Водителя мне не видно, но, судя по тому, что машина гудит, он или мертв, или без сознания. Я не знаю, почему мои ладони в крови, кажется, они не сломаны или повреждены. Я пробую достать из нагрудного кармана мобильный телефон. Надо выйти из машины. Все происходит очень медленно, как в том сне из детства.
Через несколько минут я сидел рядом с машиной в небольшом овраге и тщетно пытался разглядеть изображение на своем мобильнике. Из-за удара я все еще плохо видел детали вблизи. Хорошо помню, как пришел в отчаяние, наконец разглядев, что телефон безнадежно продавлен моим же крестом и цепочкой и, конечно, не работает. Тут я подумал, что позвонить с чужого телефона я не смогу, не зная пароля.
Сейчас я понимаю, что из-за травматического шока я тогда ошибся и принял неверный план спасения шефа как единственно возможный – взять себя в руки и любой ценой добираться до части пешком. Но сейчас это уже неважно, в конечном итоге случилось так, как и должно было быть.
Когда я вышел на дорогу, оленя с пышными рогами нигде не было видно. Вероятно, он вернулся в лес. Если это видение вообще не было коллективной галлюцинацией. Дорогу к части без навигатора я не знал, но пошел по направлению нашего движения, надеясь, что развилок будет не много и что идти осталось недалеко.
Сейчас я знаю, что дорога, по которой я шел, была с восточной стороны от части. Мы сняли дом в почти заброшенном поселке, где на несколько километров вокруг не было ни военных, ни паломников. В этой стороне воинская часть и Разлом были отделены от мира полигоном для военных учений, и мы решили, что из-за шума танковой канонады отсюда съехали даже те, кто раньше здесь жил.

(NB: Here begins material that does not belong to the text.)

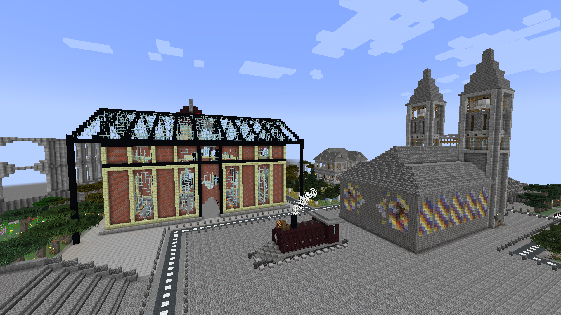 Glavni kolodvor in Captivusova maketa parne lokomotive, postavljena na mestu prvotnega Glavnega kolodvora
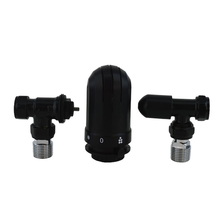 Set robineti radiator coltari 1/2 cu cap termostatic CONRAD Black+Black

Я шел и очень надеялся, что не окажусь в зоне танковой мишени. Хотя, если мыслить логически, дорогу они обстреливать не стали бы. И потом, должна же быть какая-то колючая проволока, забор, в конце концов, предупреждение. Вместе с этими мыслями приходили и другие. Например, я вспоминал аэрофотосъемку части и Разлома. И справку о местности. Сверху это было не видно, но часть, судя по справке, располагалась на холме. Я оглянулся, холма не видно. Слева был лес, а справа поле и вдалеке поселки и другой лес. Возможно, холм был где-то дальше, так как дорога впереди уходила влево и немного вверх.
У меня сильно закружилась голова, начало подташнивать. Пришлось остановиться и расстаться с обедом. Сил от этого, к сожалению, не прибавилось. Но временно стало легче, и я пошел дальше. Из аэрофотосъемок было известно, что Разлом образовался прямо у подножья холма, на котором стояла часть, и по размеру достигал пяти с лишним километров. Больше всего паломников ждало встречи с чудом с дальней от части стороны Разлома, которая была недалеко от трассы. Я же в это время был дальше всего от этого места. Наверное, поэтому никого вокруг вообще не было. Возможно, мне бы повезло, встреться я с патрулем, но и патруля почему-то не наблюдалось.
Пройдя еще около двух километров, как мне показалось, я свернул вместе с дорогой влево за лес и огорчился, потому что возвышение дороги было иллюзией. Теперь взору открывалась, кажется, бесконечная объездная дорога, уходящая вверх за горизонт. Надо было решать, что делать. Пойти к домам за полем, но я знал, что там, скорее всего, никого нет. Продолжать идти вперед или вернуться назад к нашему дому. Идти вперед было правильно, но казалось, что дорога бесконечна. Идти назад? Зачем? Там никого нет, и нет телефона. Может быть, я смогу завести машину, мелькнула светлая мысль, но она же в овраге, мне одному без чьей-либо помощи ее не вытащить. А от одной мысли, что нужно касаться тела водителя и опять увидеть Писателя без головы, мне снова сделалось дурно.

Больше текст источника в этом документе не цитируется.